Criterion Score Notes
Learnability PASS Mirrors existing parser node pool (np_* arrays). One rule: types are tree nodes with integer handles.
Consistency PASS Parallel-array pools + accessor functions match established codebase pattern.
Generability PASS Bottom-up construction: type_list(type_option(type_int())). No overloaded fields.
Debuggability PASS Recursive type_display() prints any type at any depth. Mismatch diagnostics pinpoint divergence.
Token Efficiency PASS ~30-40% reduction in type-construction code. ScopeVar shrinks from 8 fields to 3.

Score: 5/5 pass.

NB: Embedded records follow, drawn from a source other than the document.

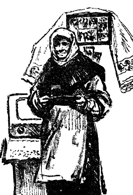 Мать идет с огорода. Платок на ней чистый, белый, как в воскресный день, — для нее и впрямь теперь всегда воскресенье. В руках несет укроп, морковь, пучочек петрушки, свежезеленой, росистой.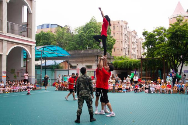 技能展示环节结合了三亿体育特色项目:啦啦操、绳梯、跳绳、武术、羽毛球、足球与篮球以及公司退伍同学展示的格斗技能。
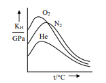 Which of the following graph correctly represents the plots of \(K_H\) at 1 bar gases in water versus temperature?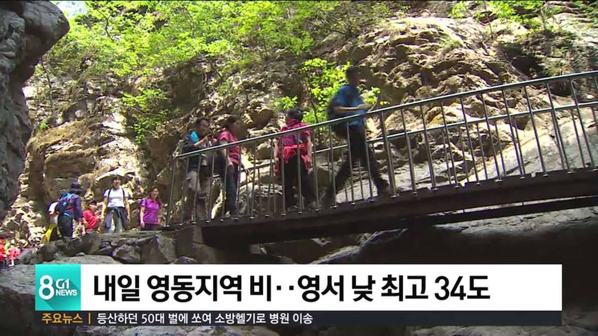 아침 최저 기온은 20도에서 25도의 분포를 보이겠고, 낮 최고 기온은 영서가 31도에서 34도, 영동은 27도에서 29도로 오늘과 비슷하겠습니다.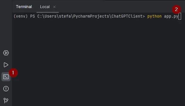 Dazu öffnen wir das lokale Terminalfenster (1) und geben „python app.py“ (2) ein und bestätigen dieses mit Enter.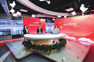 3月7日,全國人大代表、山西財(cái)經(jīng)大學(xué)馬克思主義學(xué)院副教授白琦瑞(左),中國人民大學(xué)習(xí)近平新時(shí)代中國特色社會主義思想研究院院長、馬克思主義學(xué)院教授秦宣(中)做客中國教育報(bào)刊社“兩會訪談錄”演播室。 本報(bào)記者 單藝偉 攝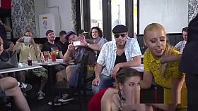 Two sluts public fucked in crowded restaurant

No reconsideration needed.

Implementation Notes

Pool design (parallel arrays, interned):

pub let mut tp_kind: List[Int] = []
pub let mut tp_child1: List[Int] = []
pub let mut tp_child2: List[Int] = []
pub let mut tp_sname: List[Str] = []
pub let mut tp_count: Int = 0
pub let mut tp_intern: Map[Str, Int] = Map()

Nested type construction:

// List[Option[Int]]
let t_int = type_int()
let t_opt = type_option(t_int)
let t_list = type_list(t_opt)

// Result[Map[Str, List[Int]], MyError]
let t_map = type_map(type_str(), type_list(type_int()))
let t_result = type_result(t_map, type_struct("MyError"))

ScopeVar simplification:

// Before: 8 fields, 5 overloaded
type ScopeVar { name: Str, ctype: Int, is_mut: Int, inner1: Int, inner2: Int, sname: Str, sname2: Str, extra: Str }

// After: 3 fields, zero overloading
type ScopeVar { name: Str, ty: Int, is_mut: Int }

Bootstrap protocol (5-step):

  1. Add tp_* pool alongside old CT_* system; bridge functions convert between them → task regen
  2. Migrate compiler source to dual-write both old fields and new type_idtask regen
  3. Switch readers to prefer type_id, fall back to old fields → task regen
  4. Remove writes to old fields; type_id is authoritative → task regen
  5. Remove old fields from ScopeVar, delete CT_* constants, remove 17+ parallel registries → task regen

Migration trigger for enum upgrade: When the compiler supports struct-in-list / enum-with-data in lists, migrate from parallel arrays to List[TypeInfo] enum representation.